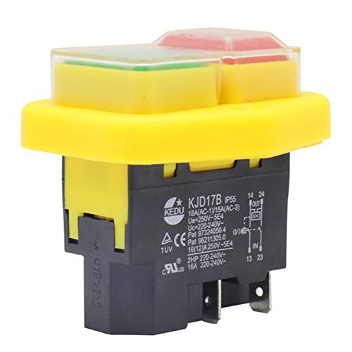 Interruttore a pulsante elettromagnetico KEDU KJD17B impermeabile 220-240 V 4 poli per utensili elettrici, giallo
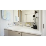 面台スペースと脱衣所に分けて、それぞれのスペースを広く確保できるようにプランニングしました。面台スペースには、椅子が収納できるタカラのホーロー製洗面化粧台(幅120cm)を採用し、椅子に座ってゆっくり髪を乾かしたり歯を磨いたりすることが出来るようになりました。
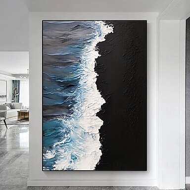 Großes abstraktes Gemälde, handgemalte Wandkunst, blaue Texturmalerei, blaue abstrakte Wandkunst, großes schwarz-blau-weißes abstraktes Gemälde, Boho-Wohnzimmer-Wanddekoration
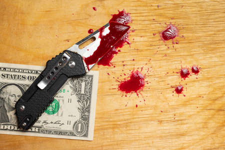 Pocket knife in bloody with one dollar and drops of blood on a wooden background. The concept of assault and robbery
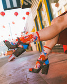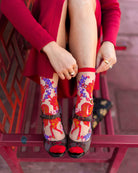 Step boldly into Lunar New Year with our Year of the Horse Sheer Crew Sock — a vibrant celebration of movement, confidence, and good fortune. Designed to honor the Year of the Horse, this striking sheer style features a mirrored horse motif woven in rich red and gold tones, reminiscent of the red envelope. Delicate pink florals and cobalt-blue accents add a feminine layer, all set against sheer beige fabric that allow the colors to shine. Finished with a red cuff and toe and blue heel, this sock turns footwear into a statement.

## THE PROBLEM
An exact copy is needed of the stretch above that opens with the line containing "Großes abstraktes Gemälde, handgemalte" and closes with the line containing "Pocket knife in"; the pictures are not part of it.

## RESPONSE AREA
 Großes abstraktes Gemälde, handgemalte Wandkunst, blaue Texturmalerei, blaue abstrakte Wandkunst, großes schwarz-blau-weißes abstraktes Gemälde, Boho-Wohnzimmer-Wanddekoration
 Pocket knife in bloody with one dollar and drops of blood on a wooden background. The concept of assault and robbery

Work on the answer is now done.